Your reproduction of the entries should be exact and should contain no pictures.

DATA EXCERPTS
+++++

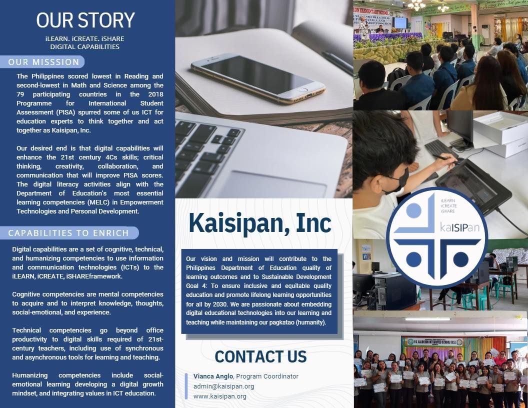 KaISIPan, Inc. is a 501(c)3, not-for-profit corporation registered in Florida, US. KaISIPan is a giving back NGO for education composed of partner individuals and institutions whose shared vision is transforming learning and teaching through digital educational technology. Our mission is digital capabilities for all Filipino educators. Our vision and our mission will contribute to DepEd's Sulong Edukalidad's
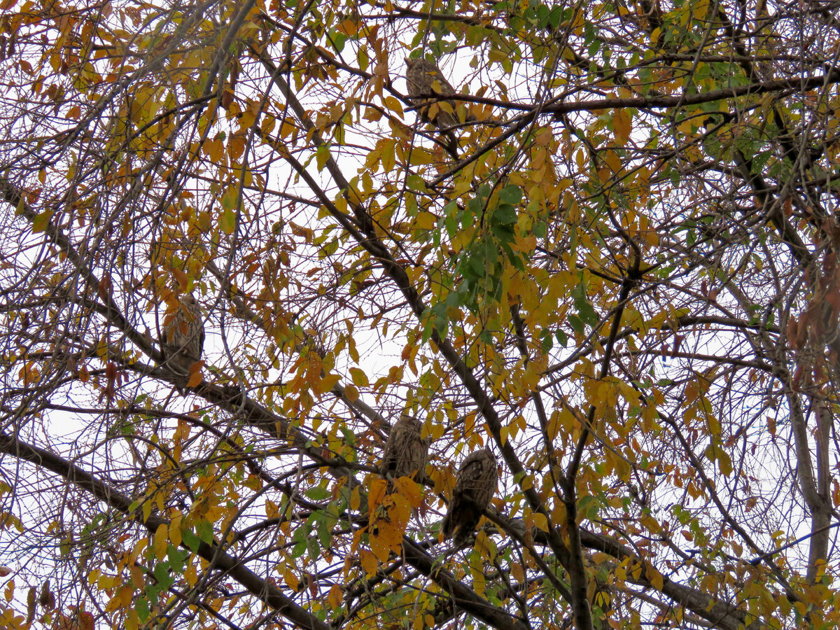 Для встречи с ушастыми совами я обычно жду декабрь. Я знаю, где в это время они собираются в нашем городе. Это, конечно удивительно гулять под деревьями, украшенными, как огромными новогодними игрушками. В это время на одном дереве может быть до десятка и больше птиц. И вдруг, в конце мая, на территории своей работы, я услышала неприятный и пронзительный скрип. Не могут деревья так скрипеть! И верно! Я заметила среди каштановых листьев ушастую сову! И еще одну! На следующий день, захватив с собой на работу фотоаппарат, я прогулялась вокруг деревьев и нашла 5 сов! Двух взрослых и четыре птенца (наверное). Почему наверное: Потому, что уже дома, на мониторе я в ветвях находила все новых и новых совушек! Такая крупная птица, и так сливается с деревом! Птенчики, конечно же, покорили меня своей пуховой одежкой! Вы только посмотрите, какие они необычные! И еще ушки не выросли. Ушки то у сов – перьевые! Когда я увидела детеныша, который уже на половину покрыт перьями, задумалась. Оказ
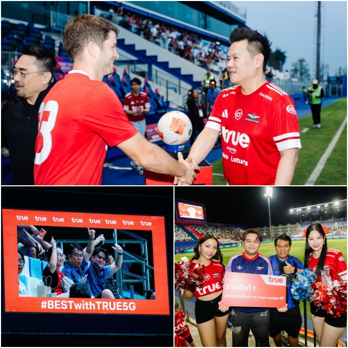 เกมใหญ่ที่แฟนบอลรอคอยกลับมาทำสนามลุกเป็นไฟอีกครั้ง เมื่อ ทรู แบงค็อก ยูไนเต็ด เปิดบ้านทรู บีจี สเตเดียม รับการมาเยือนของ เมืองทอง ยูไนเต็ด ในศึกไทยลีก 2025/26 ท่ามกลางบรรยากาศเชียร์สุดเดือดแบบ “แน่นทุกโซน” โดย ทรู คอร์ปอเรชั่น เดินหน้าสนับสนุนฟุตบอลไทยอย่างต่อเนื่อง ร่วมส่งแรงใจข้างสนาม นำโดย นายขจร เจียรวนนท์ ประธานสโมสรทรู แบงค็อก ยูไนเต็ด พร้อมด้วย บมจ.ทรู คอร์ปอเรชั่น โดย นายโอลิเวอร์ กิตติพงษ์ วีระเตชะ หัวหน้าคณะผู้บริหารด้านแบรนด์และมีเดีย ร่วมส่งพลังไปกับแฟนบอลที่พร้อมใจกันเชียร์สุดเสียงตั้งแต่นกหวีดแรก ทำให้บรรยากาศในสนามคึกคัก และสมศักดิ์ศรี “บิ๊กแมตช์ของจริง” พร้อมกันนี้ ทรูยังอัพสัญญาณ ทรู5G ให้ครอบคลุมทุกโซนของทรู บีจี สเตเดียม รองรับการใช้งานของแฟนบอลอย่างเต็มประสิทธิภาพ ทั้งการไลฟ์ แชร์โมเมนต์ และอัปโหลดความมันแบบเรียลไทม์ ด้วยสัญญาณแรงเร็ว เสถียรตลอดการแข่งขัน
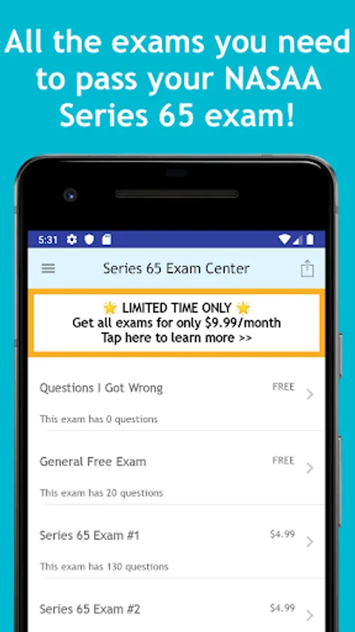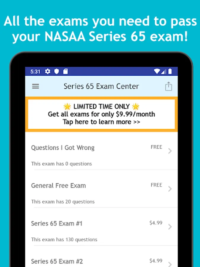 Pass your NASAA Series 65 exam with the help of the new Series 65 Exam Center app!
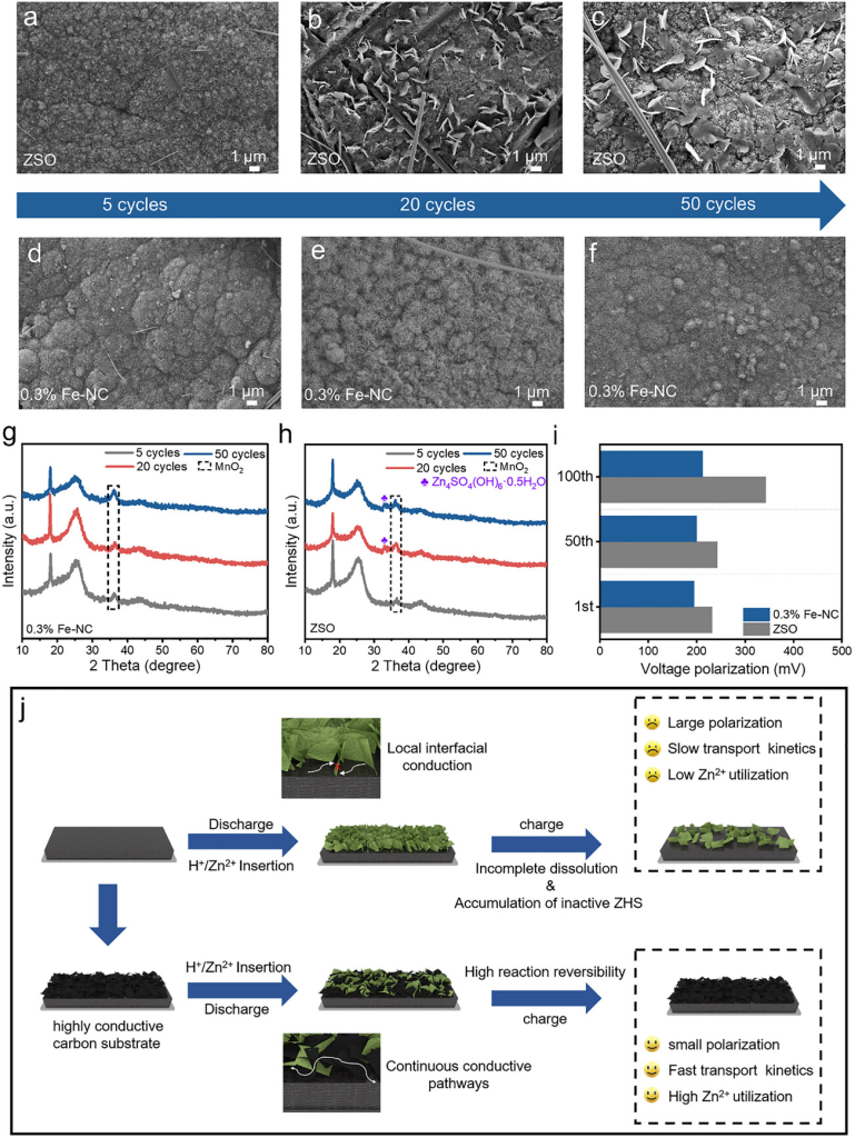 图5. a-c)ZSO和d-f)0.3%Fe-NC电解液中MnO2电极在满充电状态下循环5、20和50次后的FESEM图。g)0.3%Fe-NC和h)ZSO电解液中MnO2电极在满充电状态下循环5、20和50次后的原位XRD。i)0.3%Fe-NC和ZSO电解液中不同循环后半放电容量对应的电压极化。j)副产物可逆沉积/溶解示意图。
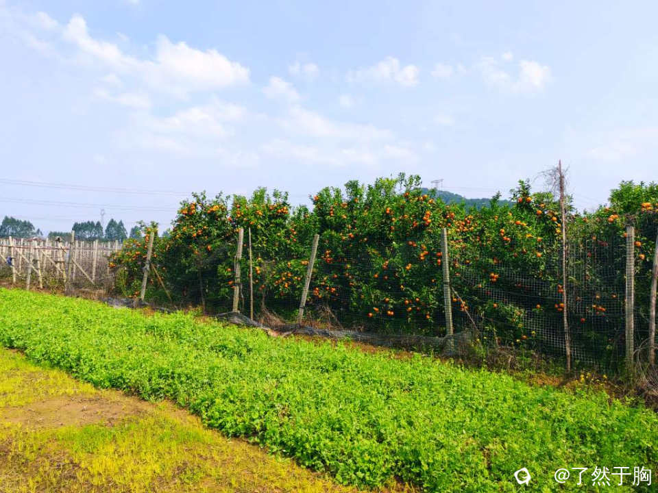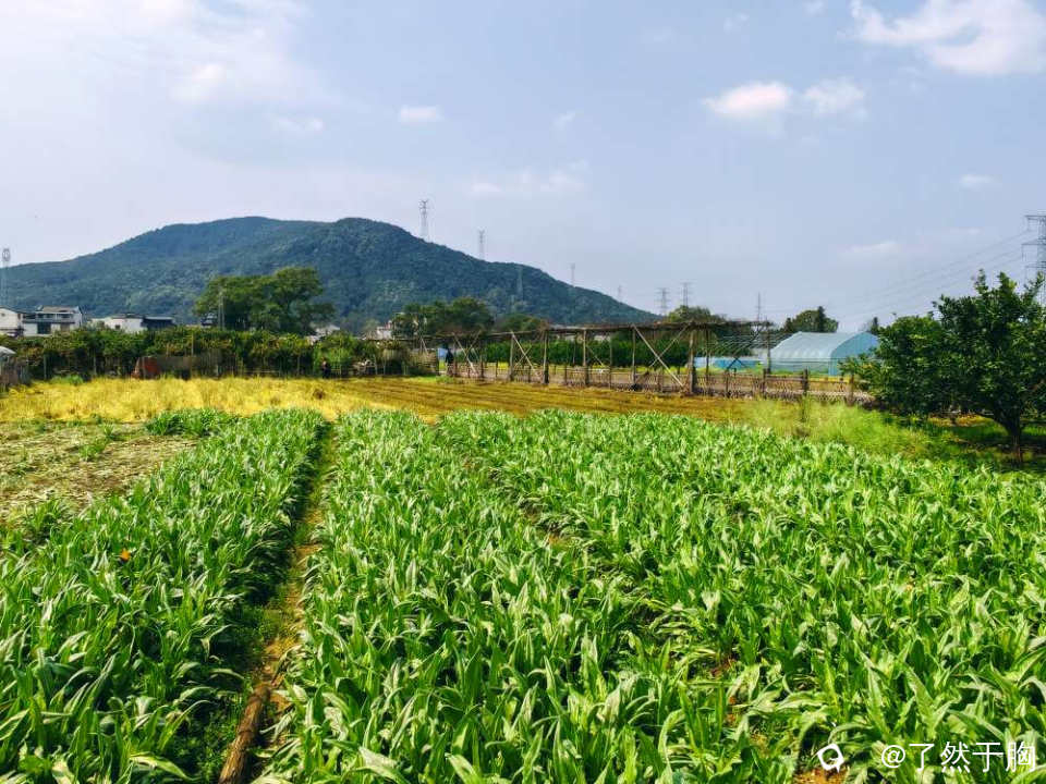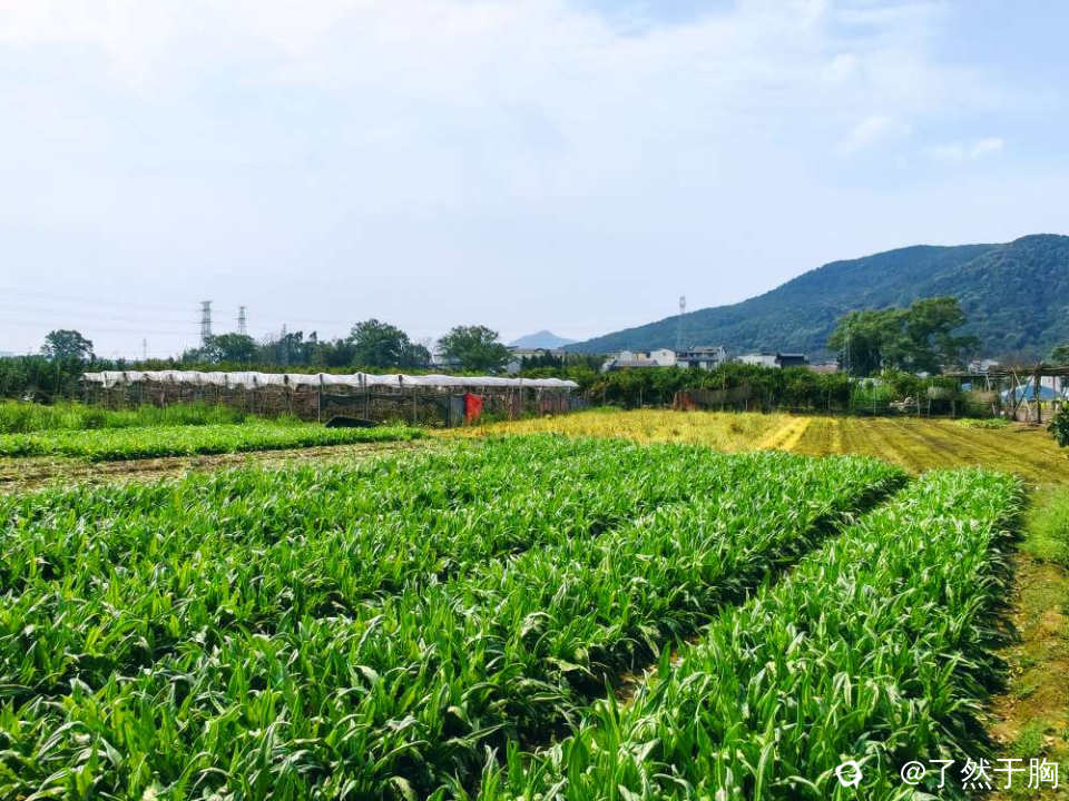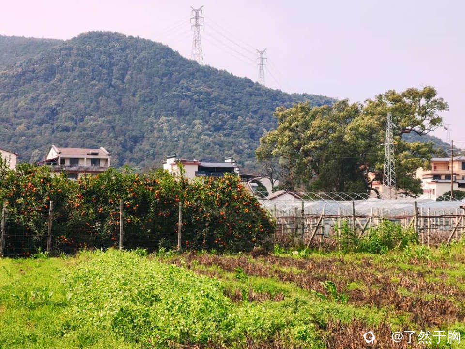 村北面与甘棠江之间的田野里,金黄的菜花没有了,但碧绿的青菜正茂盛,橘黄的柑橘依旧硕果累累,各葡萄,草莓等的大棚之间,田地里或绿草如茵,或残存的油菜花,蚕豆花等,组成一幅幅色彩斑斓高低和谐的田园图。
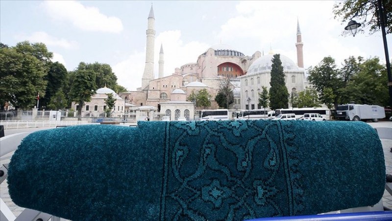 Ayasofya Camii cuma günü ibadete açılacak. Caminin en önemli unsurlarından halıların üretimi bir yandan sürerken bir yandan da serimi yapılıyor.
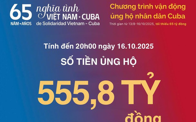 Trung ương Hội Chữ thập đỏ Việt Nam cho biết, tính đến 20:00 ngày 16/10, Chương trình vận động ủng hộ nhân dân Cuba với chủ đề "65 năm nghĩa tình Việt Nam - Cuba" đã đạt 555,8 tỷ đồng với trên 2 triệu lượt ủng hộ. Kết quả này thể hiện sâu sắc tinh thần đoàn kết, hữu nghị và tình cảm thủy chung của nhân dân Việt Nam dành cho nhân dân Cuba.
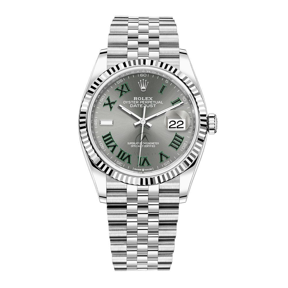 The Rolex Datejust 36 126234 is a timeless expression of elegance and precision. Featuring a stunning Wimbledon slate Roman dial, this 36mm stainless steel model embodies the sophistication Rolex is known for. The dials unique slate grey color, complemented by contrasting Roman hour markers, creates a refined yet bold look. The iconic Jubilee bracelet adds a touch of comfort and style, offering a luxurious wearing experience. Powered by the precise Caliber 3235 movement, the Datejust 126234 provides enhanced accuracy and a 70-hour power reserve. With its date function and Cyclops lens for easy date reading, the Datejust 36 is a versatile and highly functional piece. Perfect for those who appreciate timeless design and impeccable Swiss craftsmanship, the Rolex Datejust 36 126234 is ideal for both everyday wear and special occasions.
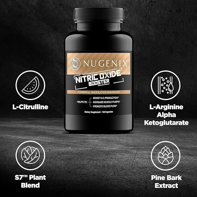 Nugenix Nitric Oxide Booster Supplement is designed to supercharge your body’s natural nitric oxide production, helping you experience powerful muscle pumps, increased endurance, and enhanced vascularity. Formulated with key ingredients like L-Arginine, L-Citrulline, and Pine Bark Extract, this premium blend supports optimal blood flow and oxygen delivery to working muscles—so you can train harder, recover faster, and perform at your peak. Perfect for men looking to elevate workout performance and energy levels without stimulants, Nugenix Nitric Oxide Booster helps you look and feel stronger from the inside out.

+++++

FINAL ANSWER
 KaISIPan, Inc. is a 501(c)3, not-for-profit corporation registered in Florida, US. KaISIPan is a giving back NGO for education composed of partner individuals and institutions whose shared vision is transforming learning and teaching through digital educational technology. Our mission is digital capabilities for all Filipino educators. Our vision and our mission will contribute to DepEd's Sulong Edukalidad's
 Для встречи с ушастыми совами я обычно жду декабрь. Я знаю, где в это время они собираются в нашем городе. Это, конечно удивительно гулять под деревьями, украшенными, как огромными новогодними игрушками. В это время на одном дереве может быть до десятка и больше птиц. И вдруг, в конце мая, на территории своей работы, я услышала неприятный и пронзительный скрип. Не могут деревья так скрипеть! И верно! Я заметила среди каштановых листьев ушастую сову! И еще одну! На следующий день, захватив с собой на работу фотоаппарат, я прогулялась вокруг деревьев и нашла 5 сов! Двух взрослых и четыре птенца (наверное). Почему наверное: Потому, что уже дома, на мониторе я в ветвях находила все новых и новых совушек! Такая крупная птица, и так сливается с деревом! Птенчики, конечно же, покорили меня своей пуховой одежкой! Вы только посмотрите, какие они необычные! И еще ушки не выросли. Ушки то у сов – перьевые! Когда я увидела детеныша, который уже на половину покрыт перьями, задумалась. Оказ
 เกมใหญ่ที่แฟนบอลรอคอยกลับมาทำสนามลุกเป็นไฟอีกครั้ง เมื่อ ทรู แบงค็อก ยูไนเต็ด เปิดบ้านทรู บีจี สเตเดียม รับการมาเยือนของ เมืองทอง ยูไนเต็ด ในศึกไทยลีก 2025/26 ท่ามกลางบรรยากาศเชียร์สุดเดือดแบบ “แน่นทุกโซน” โดย ทรู คอร์ปอเรชั่น เดินหน้าสนับสนุนฟุตบอลไทยอย่างต่อเนื่อง ร่วมส่งแรงใจข้างสนาม นำโดย นายขจร เจียรวนนท์ ประธานสโมสรทรู แบงค็อก ยูไนเต็ด พร้อมด้วย บมจ.ทรู คอร์ปอเรชั่น โดย นายโอลิเวอร์ กิตติพงษ์ วีระเตชะ หัวหน้าคณะผู้บริหารด้านแบรนด์และมีเดีย ร่วมส่งพลังไปกับแฟนบอลที่พร้อมใจกันเชียร์สุดเสียงตั้งแต่นกหวีดแรก ทำให้บรรยากาศในสนามคึกคัก และสมศักดิ์ศรี “บิ๊กแมตช์ของจริง” พร้อมกันนี้ ทรูยังอัพสัญญาณ ทรู5G ให้ครอบคลุมทุกโซนของทรู บีจี สเตเดียม รองรับการใช้งานของแฟนบอลอย่างเต็มประสิทธิภาพ ทั้งการไลฟ์ แชร์โมเมนต์ และอัปโหลดความมันแบบเรียลไทม์ ด้วยสัญญาณแรงเร็ว เสถียรตลอดการแข่งขัน
 Pass your NASAA Series 65 exam with the help of the new Series 65 Exam Center app!
 图5. a-c)ZSO和d-f)0.3%Fe-NC电解液中MnO2电极在满充电状态下循环5、20和50次后的FESEM图。g)0.3%Fe-NC和h)ZSO电解液中MnO2电极在满充电状态下循环5、20和50次后的原位XRD。i)0.3%Fe-NC和ZSO电解液中不同循环后半放电容量对应的电压极化。j)副产物可逆沉积/溶解示意图。
 村北面与甘棠江之间的田野里,金黄的菜花没有了,但碧绿的青菜正茂盛,橘黄的柑橘依旧硕果累累,各葡萄,草莓等的大棚之间,田地里或绿草如茵,或残存的油菜花,蚕豆花等,组成一幅幅色彩斑斓高低和谐的田园图。
 Ayasofya Camii cuma günü ibadete açılacak. Caminin en önemli unsurlarından halıların üretimi bir yandan sürerken bir yandan da serimi yapılıyor.
 Trung ương Hội Chữ thập đỏ Việt Nam cho biết, tính đến 20:00 ngày 16/10, Chương trình vận động ủng hộ nhân dân Cuba với chủ đề "65 năm nghĩa tình Việt Nam - Cuba" đã đạt 555,8 tỷ đồng với trên 2 triệu lượt ủng hộ. Kết quả này thể hiện sâu sắc tinh thần đoàn kết, hữu nghị và tình cảm thủy chung của nhân dân Việt Nam dành cho nhân dân Cuba.
 The Rolex Datejust 36 126234 is a timeless expression of elegance and precision. Featuring a stunning Wimbledon slate Roman dial, this 36mm stainless steel model embodies the sophistication Rolex is known for. The dials unique slate grey color, complemented by contrasting Roman hour markers, creates a refined yet bold look. The iconic Jubilee bracelet adds a touch of comfort and style, offering a luxurious wearing experience. Powered by the precise Caliber 3235 movement, the Datejust 126234 provides enhanced accuracy and a 70-hour power reserve. With its date function and Cyclops lens for easy date reading, the Datejust 36 is a versatile and highly functional piece. Perfect for those who appreciate timeless design and impeccable Swiss craftsmanship, the Rolex Datejust 36 126234 is ideal for both everyday wear and special occasions.
 Nugenix Nitric Oxide Booster Supplement is designed to supercharge your body’s natural nitric oxide production, helping you experience powerful muscle pumps, increased endurance, and enhanced vascularity. Formulated with key ingredients like L-Arginine, L-Citrulline, and Pine Bark Extract, this premium blend supports optimal blood flow and oxygen delivery to working muscles—so you can train harder, recover faster, and perform at your peak. Perfect for men looking to elevate workout performance and energy levels without stimulants, Nugenix Nitric Oxide Booster helps you look and feel stronger from the inside out.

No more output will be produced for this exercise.